Hadoop is the foundation of most big data architectures. The progress from a Hadoop-1’s more restricted processing model of batch oriented MapReduce jobs, to more interactive and specialized processing models of Hadoop-2 will only further position the Hadoop ecosystem as the dominant big data analysis platform.
Hadoop-1 popularized Google’s MapReduce programming concept for batch jobs and demonstrated the potential value of large scale, distributed processing. MapReduce, as implemented in Hadoop 1, can be I/O intensive, unsuitable for interactive analysis. Hadoop developers rewrote major components of the file system to create Hadoop-2.
With Hadoop-2, the JobTracker approach has been scrapped. Instead, Hadoop uses an entirely new job-processing framework built using two daemons: ResourceManager, which governs all jobs in the system, and NodeManager, which runs on each Hadoop node and keeps the ResourceManager informed about what’s happening on that node.
Two of the most important advances in Hadoop-2 are firstly, the introduction of HDFS federation and secondly the new resource manager YARN ( Yet Another Resource Negotiator).

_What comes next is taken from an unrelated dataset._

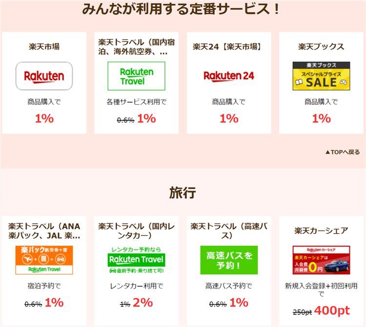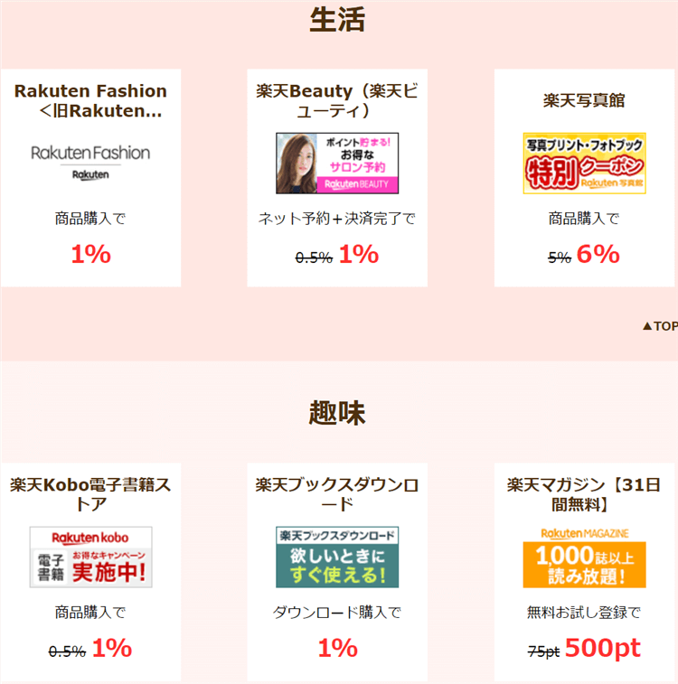 また楽天ファッション、楽天ビューティなどなどその他のサービスでも基本的に1%~以上のポイントが貯まるようになりますよ!!

YARN, the resource manager, was created by separating the processing engine and resource management capabilities of MapReduce as it was implemented in Hadoop-1. YARN is often called the operating system of Hadoop as it is responsible for managing and monitoring system workloads.
HDFS is the Hadoop file system and comprises two major components: namespaces and blocks storage service. The namespace service manages operations on files and directories, such as creating and modifying files and directories.
Another Hadoop vendor, Hortonworks has chosen to go with Apache’s native Hive technology, which is best for data warehouse style operations, involving table joins and merges.